The statement as sited by the Daily Guide, previews how the Minerals Income Investment Fund (MIIF) intends to invest into the sector to enable its production in commercial magnitudes to be exported out of the country.
The Chief Executive Officer of MIIF, Edward Nana Yaw Koranteng stated in an interaction with investors and delegates on the sidelines of the Mining Indaba recently in Cape Town, South Africa, confirmed it was the agency’s 2022 investment plans.
Mr. Koranteng announced at the biggest mining investment event in Africa of how Ghana has demonstrated commercial deposits in lithium, which is the fundamental resource needed to power the increasing electrical vehicles (EV) market.
“The data is outstanding with further opportunities from the value chain and for byproducts such as feldspar, the main resource in ceramics and fiber glass,” Mr. Koranteng said.
According to Mr. Koranteng, the global market for unprocessed lithium is around $6.83 billion dollars, with analysts projecting steady growth to approximately $10 billion dollars by 2028, and with the global lithium battery market projected to hit $100 billion dollars by 2025 due to the rapid expansion in the EV market.
“We evidently see lithium as a growth tool, after analysing all the data and started negotiations with Atlantic Lithium which holds concessions with recoverable grade of 560 km2 miles in Ghana,” Edward Nana Yaw Koranteng voiced out to the investors gathered in Cape Town.

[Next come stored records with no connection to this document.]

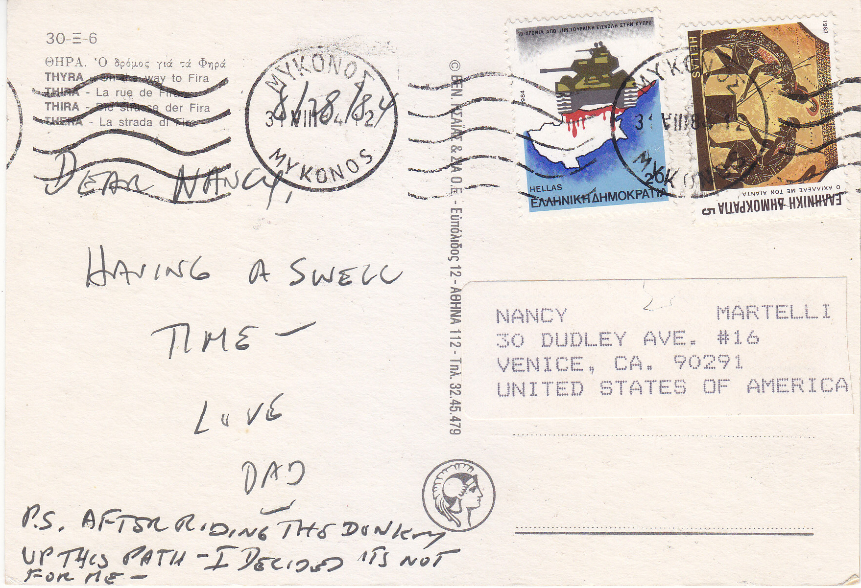 POSTCARD #211 Thyra [Thera, Greece]. On the way to Fira. 30-6. [Address printed in Greek.]. 5.75" x 4" VG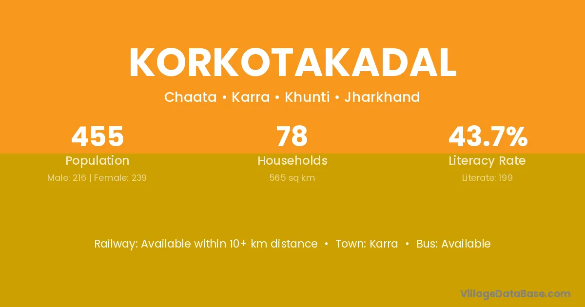 Korkotakadal village has a total population of 455 people, of which 216 are males and 239 are females.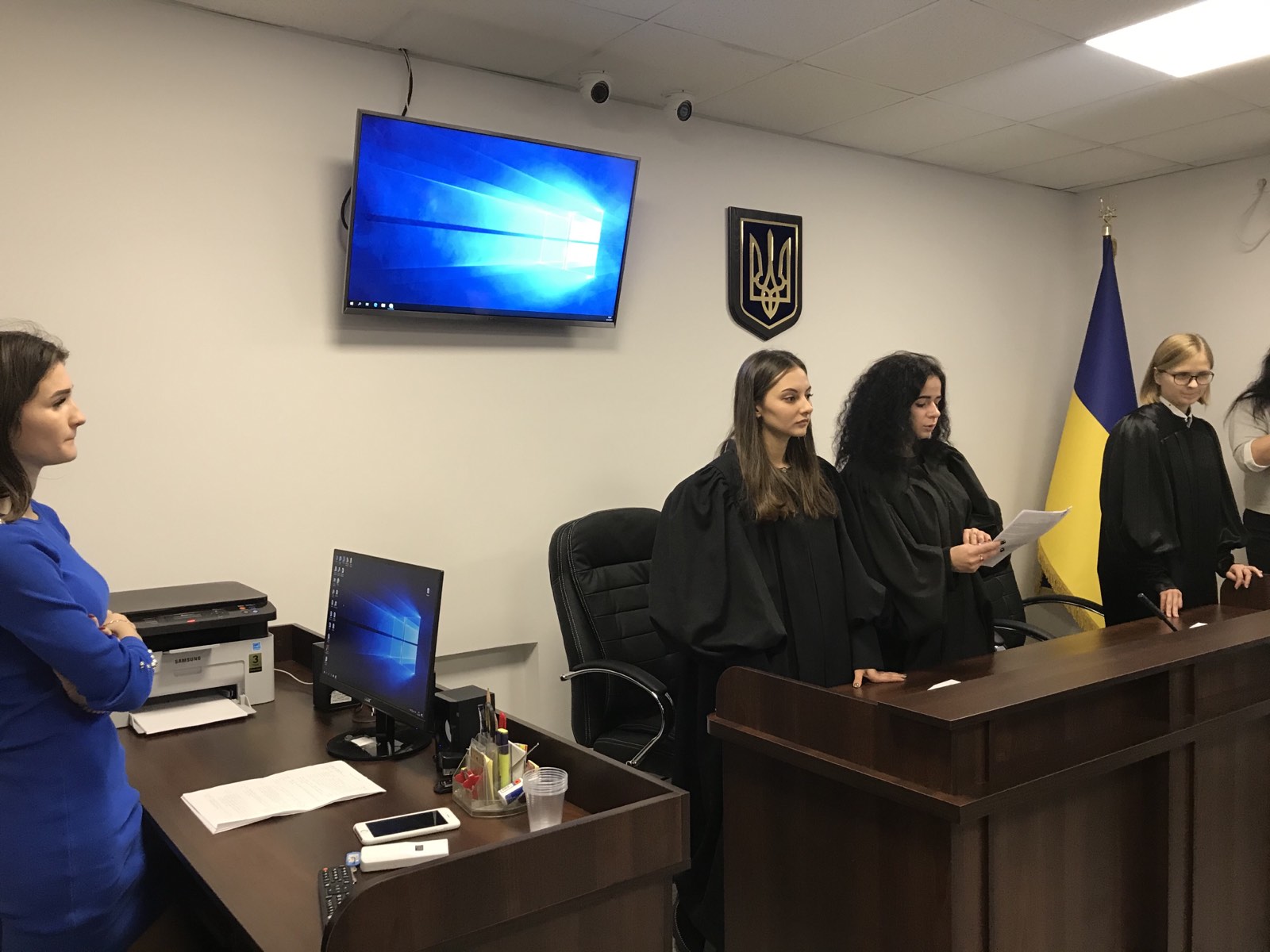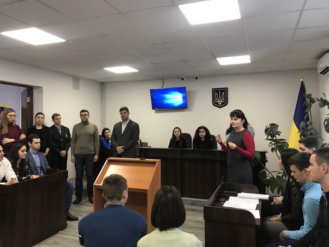 Одним з найцікавіших моментів зустрічі у суді як для дітей, так і студентів стало проведення модельного судового засідання, під час якого майбутні юристи мали змогу спробувати себе в ролі учасників судового процесу, щоб на практиці застосувати здобуті знання, уміння та навички і продемонструвати дітям як вирішується адміністративний спір.

Mr. Koranteng emphasized that “a direct equity investment offers a worthy prospect for MIIF to come in at an early stage bearing in mind Atlantic’s planned listing in August 2022. We estimate an Internal Rate of Return of 125% in 4 years and a projected revenue of over $1.5 billion in 8 years,” the MIIF CEO confirmed.
The best use of lithium is in rechargeable’s like batteries for mobile phones, laptops, digital cameras and electric vehicles.
It is also used in some non-rechargeable batteries for things like heart pacemakers, toys and clocks.